Fueron muchas veces las que me preguntaron ¿y eres de armas tomar? También fueron muchas las veces que en alguna fiesta me hacían un guiño cuando ponían Yo no me llamo Javier. Esta canción habrá estado de moda cuando yo tenía unos ocho años. Conoces la canción, te gusta, la bailas, sigues el juego de quienes te señalan al bailarla. Tiempo después te vas enterando de qué trataba y por qué la fijación de quien canta por desmarcarse del nombre y del niño tan bonito. La canción se sigue tocando en el radio, en fiestas y antros aún hasta el día de hoy. A pesar de ello, creo que no había tenido oportunidad de escucharla de verdad.
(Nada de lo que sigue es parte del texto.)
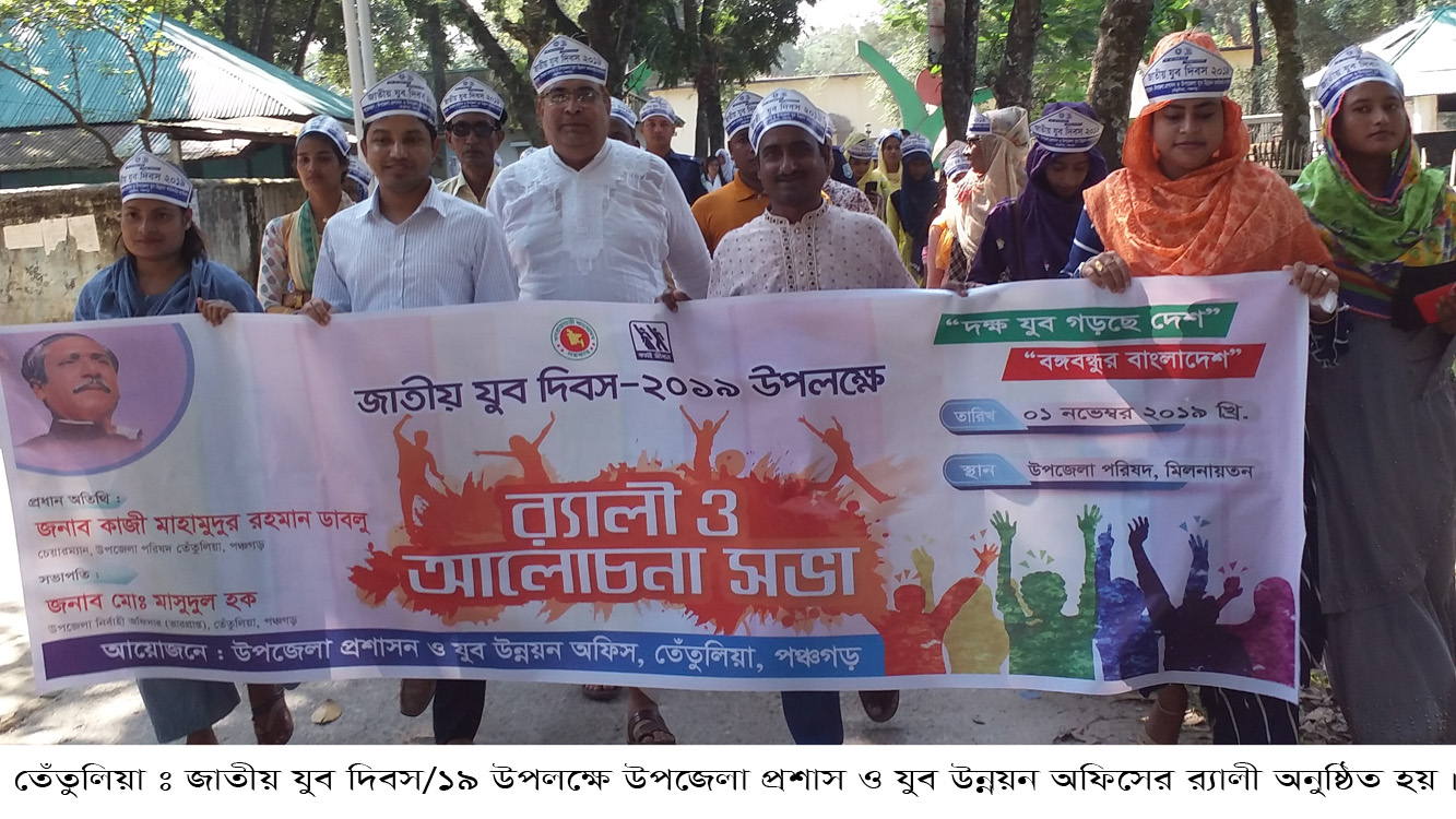তেঁতুলিয়া (পঞ্চগড়) প্রতিনিধি ঃ ‘ দক্ষ যুবক গড়েছে দেশ- বঙ্গবন্ধুর বাংলাদেশ’ এই শ্লোগানকে সামনে রেখে তেঁতুলিয়া উপজেলায় জাতীয় যুব দিবস/১৯ পালিত হয়েছে। গতকাল সকালে এ উপলক্ষে উপজেলা পরিষদ চত্বর থেকে একটি র্যালী বের হয়ে চৌরাস্তা বাজার প্রদক্ষিণ করে। পরে পরিষদ হলরুমে আলোচনা সভা উপজেলা নির্বাহী অফিসার (ভার) মাসুদুল হক এর সভাপতিত্বে প্রধান অতিথি হিসেবে উপস্থিত উপজেলা পরিষদ চেয়ারম্যান কাজী মাহমুদুর রহমান ডাবলু। সভায় অন্যান্যদের মধ্যে উপস্থিত ছিলেন উপজেলা যুব উন্নয়ন কর্মকর্তা মোঃ আওলাদ হোসেন, সুপারভাইজার মোঃ নাজিফুল ইসলাম, শওকত আলী সহ বিভিন্ন ক্লাবের সভাপতি/সম্পাদকবৃন্দ। শেষে প্রধান অতিথি যুব উন্নয়ন অধিদফতরে প্রশিক্ষণ গ্রহণকারী বেকার যুবদের মাঝে ঋণের চেক ও সনদপত্র বিতরণ করেন। # ০১/১১/১৯

En mi recuerdo no había percusiones bryanferryescas tan vivas ni distribución espacial del sonido. Cuando hoy en día presencio lo que escuché en los ochentas caigo en cuenta de que tuve acceso a una proyección plana del fenómeno musical. Y aún así fue emocionante. Regreso entonces a los recuerdos e influencias para poder palpar el ondular de la música, su golpeteo contra el cuerpo. Se hace bailar la curiosidad y la nostalgia revelando la canción por primera vez.

Juegos de luz

A menudo se agita la frase ‘juegos de luz’ con cierta holgura. Acá no hay sólo eso sino luz en pasarela, atardeciendo en el acetato, revelando como en la caverna original la silueta de una interpretación musical. La combinación otoñal Winston-Bronze pasada por el fuego, o por la lamparita y su movimiento. No es Nosferatu en el muro quien se proyecta. Es la sombra de un brazo de metal y el enjambre de ejes que hacen contrapeso para revelar el sonido. Conmovedor a muchos niveles.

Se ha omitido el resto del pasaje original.